*** Block opens ***

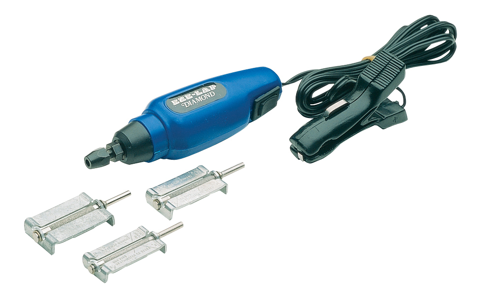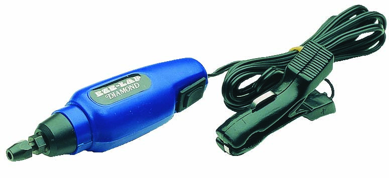 The EZE-LAP CSK is a 12 volt chainsaw sharpening kit that can be used with both battery terminals and car cigarette lighters to power the sharpener when working outdoors.
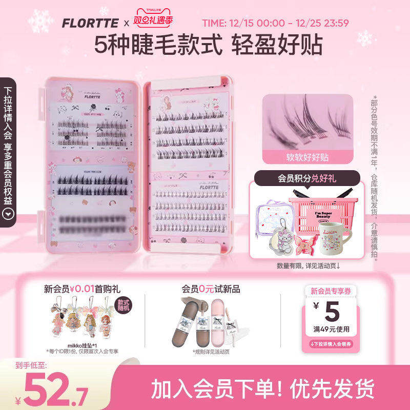 FLORTTE/花洛莉亚MIKKO联名款假睫毛书单簇分段式自然新手懒人装
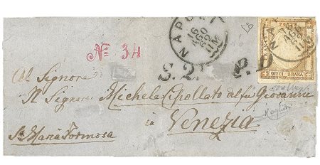 Antichi Stati Italiani - Napoli - Province Napoletane - 1861 - 10 grana (F8)10 grana arancio falso per posta del II tipo effige C (F8) - perfetto - su lettera da Napoli 16 AGO 62 a Venezia - destinazione estremamente rara - ex collezione Rothschild
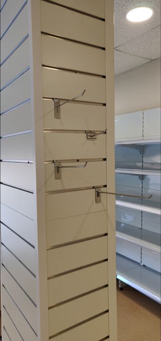 Placas para colgar producto. 8 piezas color blanco con aluminio. Se puede poner en la columna como se ve en la fotos o en la pared. Para fruterías, tiendas de alimentación.
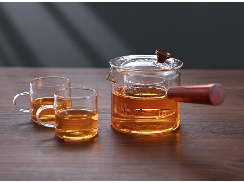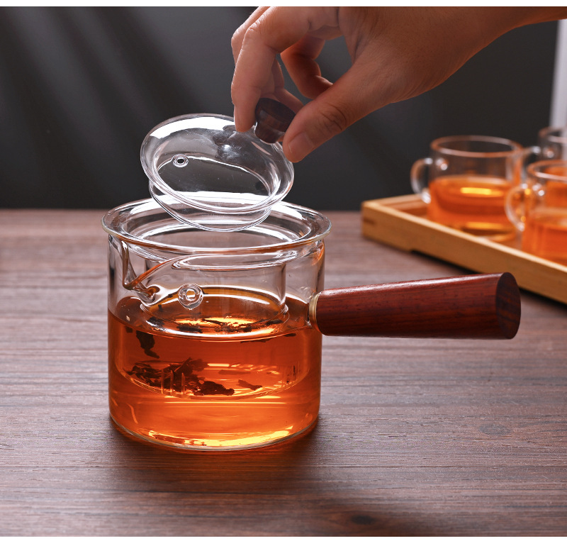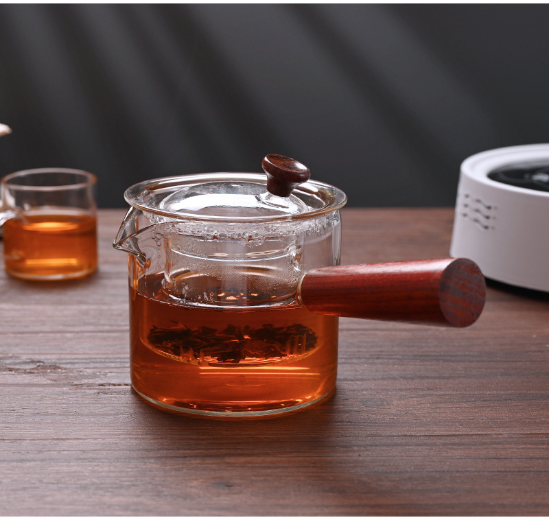 Spot sale High Borosilicate Glass boiling Teapot side handle pot steaming teapot side wooden handle with tea drain tea set intuitive pot
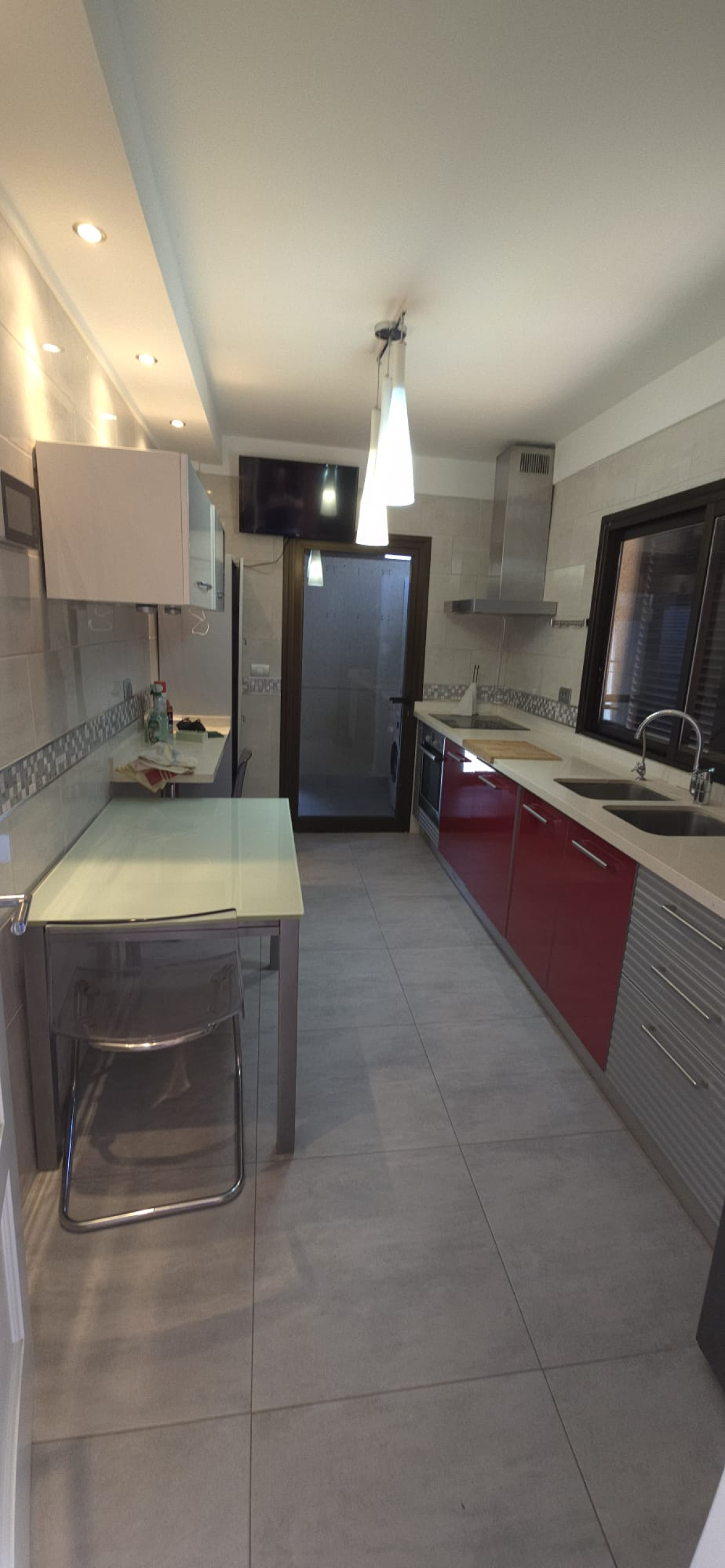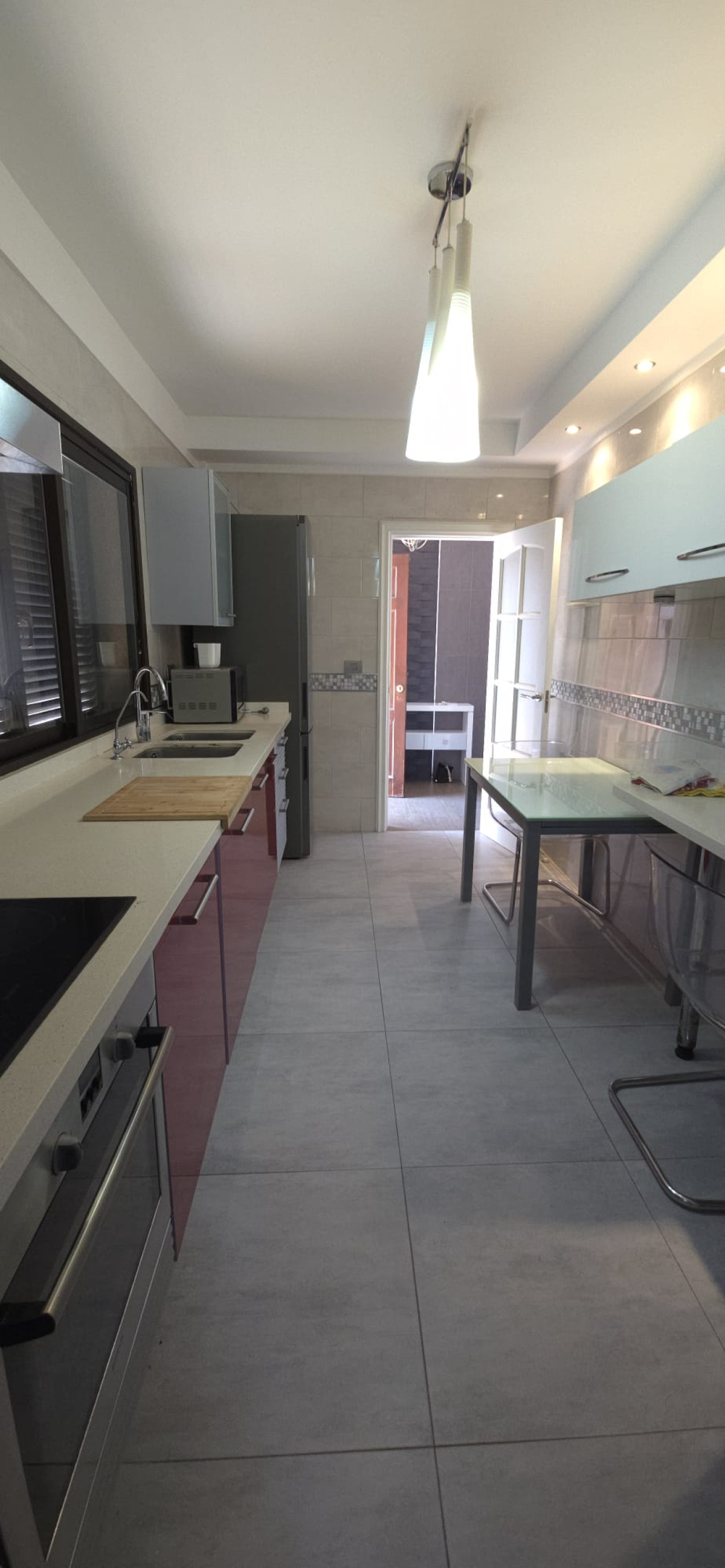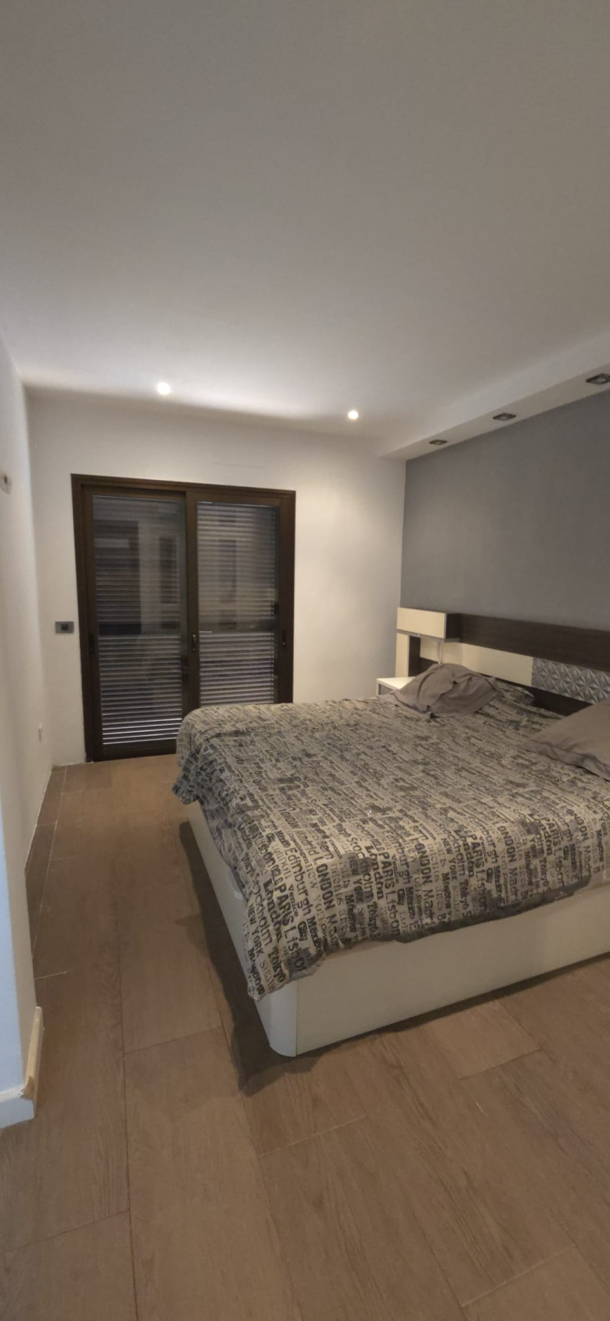The independent kitchen comes fully furnished and equipped, featuring a convenient utility room. The spacious living-dining area, with a 4-meter-high ceiling and large front windows, fills the home with natural light and opens directly to the front garden, creating a bright and airy atmosphere.
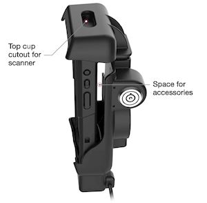 The RAM® Locking Powered Dock + USB-A for Honeywell CT40/45/47 (RAM-HOL-HON12PDLU) is a spring-loaded, form-fit powered dock that allows workers to secure and charge their Honeywell device. Power to the device is delivered via a 1m long female 5.5mm DC barrel connector and supports a single peripheral device via USB-A female connector. This dock includes an integrated stylus holder that snaps your stylus into place while not in use and is designed to accommodate OEM accessories, such as the hand strap. The top cup of the holder features a cut-out, so workers can utilize the device's scanner while docked. This holder comes with optional inserts to support devices with or without the protective rubber boot. The key lock provides theft deterrence and extra security for peace of mind in high-traffic areas. Complete your solution by adding a compatible RAM® two-hole AMPS pattern diamond base and double ball mount, allowing for a wide variety of mounting options (hardware included).
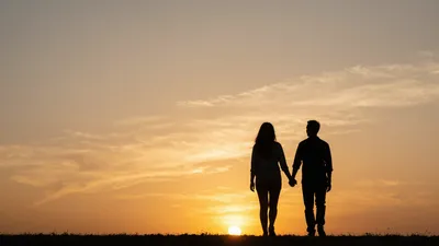 – مسار رمزي للحب، يداً بيد، مزين ببتلات الورد وطبيعة على شكل قلب.
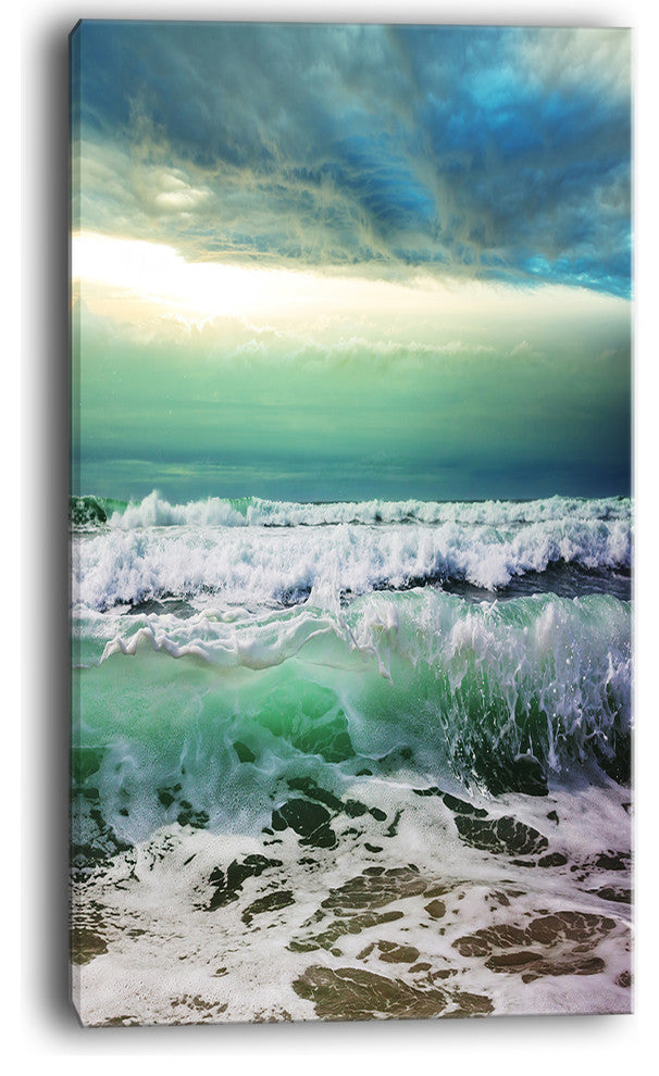 The Green Foaming Waves and Blue Sky canvas art print is sure to make an impression on anyone who sees it. This artwork is gallery wrapped around a 1-inch solid wood frame and arrives carefully packaged and entirely ready to hang on the wall. Design Art only uses the highest resolution and pigments to ensure a crisp colorful print that is never faded or pixelated. This artwork is sure to be a conversation starter in any home or office.
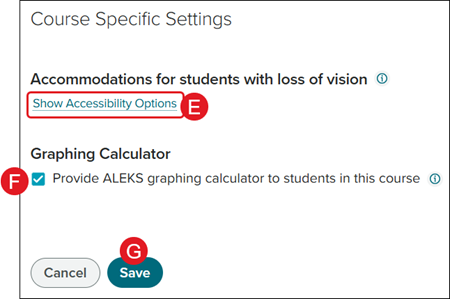 F. Check/uncheck the Graphing Calculator to include/remove the option for students.
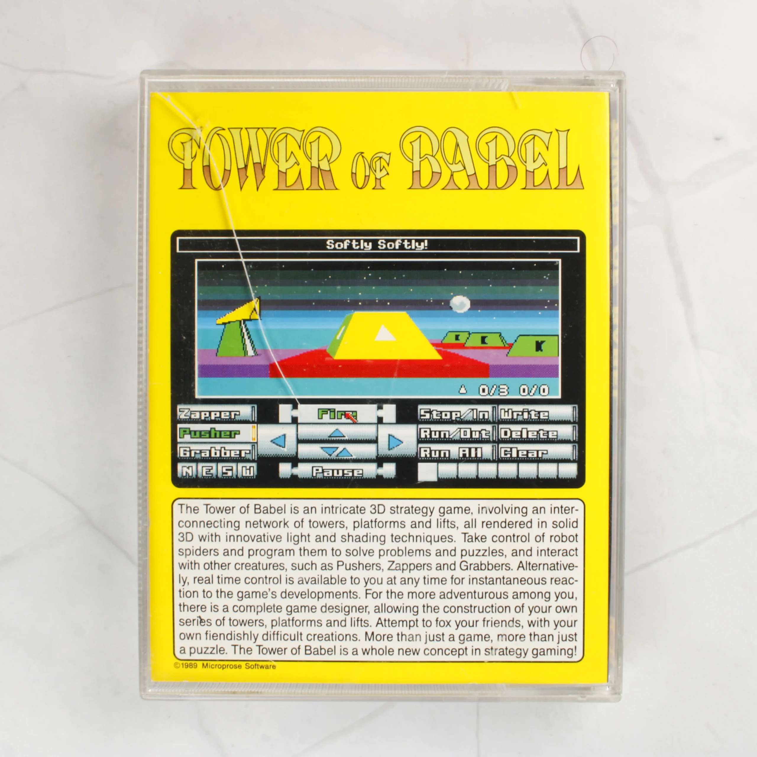 A Tower of Babel egy 3,5 colos floppy lemezen kiadott videójáték Commodore Amiga számítógépekhez. A csomag tartalmazza az eredeti átlátszó műanyag tokot, amelyben a színes borító és a hátoldali sárga információs lap található. A borítón futurisztikus, 3D-s grafika látható, míg a hátoldalon a játékmenet leírása és egy képernyőkép szerepel. A kék színű floppy lemez Astra Pack 10 felirattal és Rainbird logóval ellátott címkével rendelkezik. A kiadvány a Microprose Software gondozásában jelent meg 1989-ben.
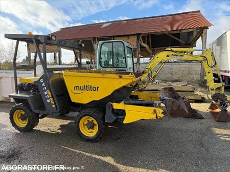 Dumper 4 roues motrices, avancement hydrostatique, 2 gammes vitesse, inverseur électrique. Moteur Lombardini bi cylindre diesel. Benne hydraulique, girabenne. Grande capacité de chargement, lame de chargement pour auto-chargement sable, graviers... Quelques faux contacts électriques, les relais inverseur seraient à remplacer. Idéal pour petite entreprise ou particulier ayant des travaux de terrassement à faire.
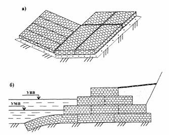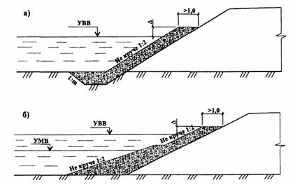 Рис. 3. Укрепление откоса каменной наброской: а - при отсутствии меженных вод; б - при наличии меженных вод; Δ - технический запас, равный сумме подпора, высоты набега волны на откос плюс 0,5 м
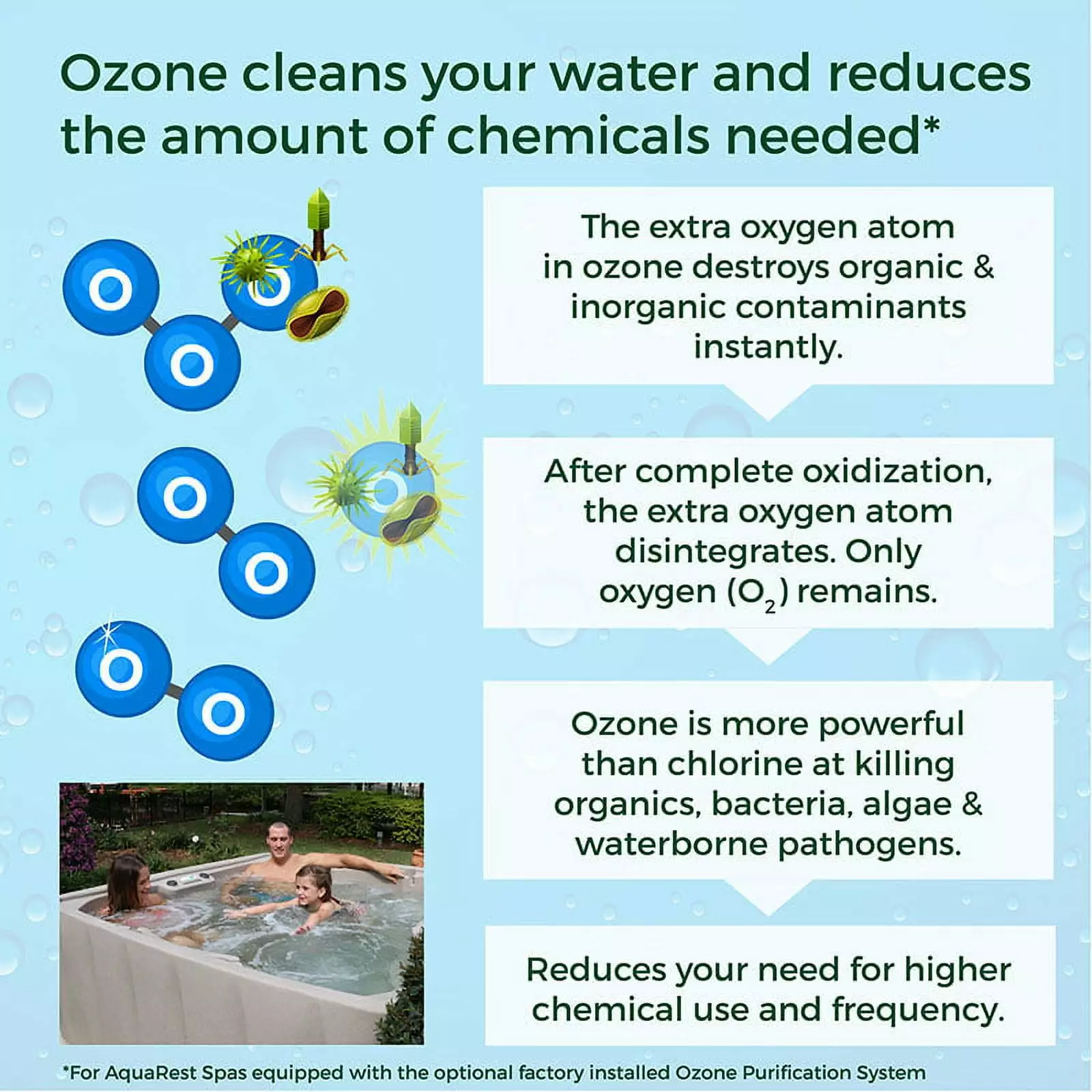 The Elite 500 Spa. with 29 Stainless Steel hydrotherapy jets. is packed with features that will make it hard for you to leave your backyard relaxation oasis! You can relax knowing your spa is using less energy with full foam insulation and ASTM certified locking safety cover to deliver optimum efficiency. Proudly made in the USA! Built to last and engineered with tough. impact-resistant polyethylene. This outstanding value. comfort and quality are comparable to other spas but at a fraction of the cost. The warm. relaxing hydrotherapy and outstanding performance is delivered through 29 Stainless Steel hydrotherapy jets. with dual side air controls. giving you full control. Your Massage. Your Way! The therapeutic lumbar arch support alleviates achy backs and the multi-level jet placement delivers soothing water pressure that massages every muscle into relaxation. Take relaxation to a whole new level with patented multi-color LED back lit cascading waterfall with 9 colorful light settings to help create just the right ambiance. Spend more time enjoying your spa and let the EZ Kleen Filtration System. providing 100% water filtration. combined with the factory installed Ozone Purification System. which eliminates up to 75% of chemicals. work together to keep the water crisp and clean. At 295 lbs.. it is easily portable too. Set it up. fill it up. plug it in and enjoy! Time to relax and enjoy this affordable. comfortable spa without breaking the budget. Our quick ship guarantee gets you enjoying your spa life sooner.
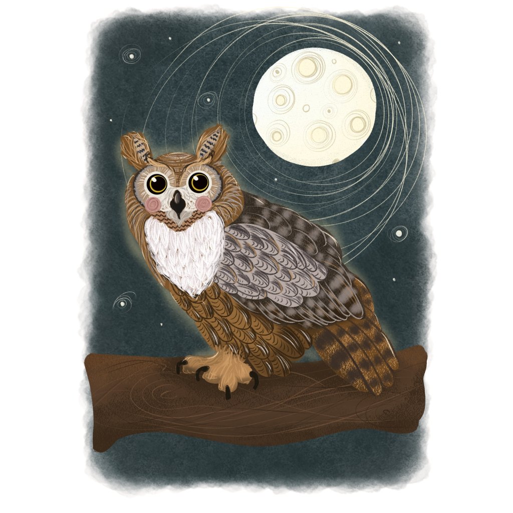 Sova sedící na větvi je zasazena do noční scény s měsícem a jemnými kruhovými liniemi evokujícími pohyb a čas. Barevnost je tlumená, převážně v modrých a hnědých tónech, což posiluje atmosféru klidu a rozjímání. Styl je detailní, ale stále měkký a přístupný. Hodí se do pracoven, knihoven, dětských pokojů i prostor určených ke zklidnění mysli.
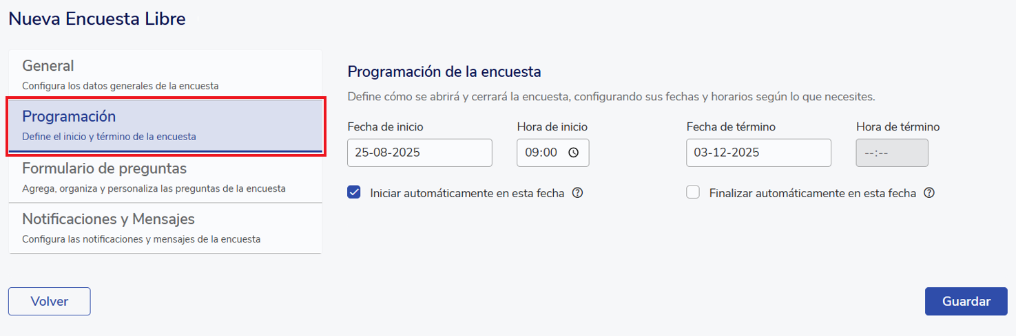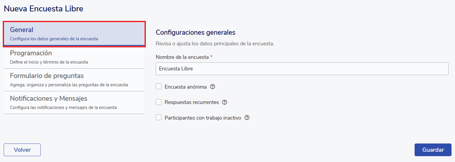 When creating a survey, it is divided into 4 sections: general, scheduling, question form, and notifications and messages.

*** Block closes ***

Repeat only the stretch of data above that runs from the line with "Spot sale High" to the line with "على شكل قلب.". Keep both end lines; exclude pictures.

 Spot sale High Borosilicate Glass boiling Teapot side handle pot steaming teapot side wooden handle with tea drain tea set intuitive pot
The independent kitchen comes fully furnished and equipped, featuring a convenient utility room. The spacious living-dining area, with a 4-meter-high ceiling and large front windows, fills the home with natural light and opens directly to the front garden, creating a bright and airy atmosphere.
 The RAM® Locking Powered Dock + USB-A for Honeywell CT40/45/47 (RAM-HOL-HON12PDLU) is a spring-loaded, form-fit powered dock that allows workers to secure and charge their Honeywell device. Power to the device is delivered via a 1m long female 5.5mm DC barrel connector and supports a single peripheral device via USB-A female connector. This dock includes an integrated stylus holder that snaps your stylus into place while not in use and is designed to accommodate OEM accessories, such as the hand strap. The top cup of the holder features a cut-out, so workers can utilize the device's scanner while docked. This holder comes with optional inserts to support devices with or without the protective rubber boot. The key lock provides theft deterrence and extra security for peace of mind in high-traffic areas. Complete your solution by adding a compatible RAM® two-hole AMPS pattern diamond base and double ball mount, allowing for a wide variety of mounting options (hardware included).
 – مسار رمزي للحب، يداً بيد، مزين ببتلات الورد وطبيعة على شكل قلب.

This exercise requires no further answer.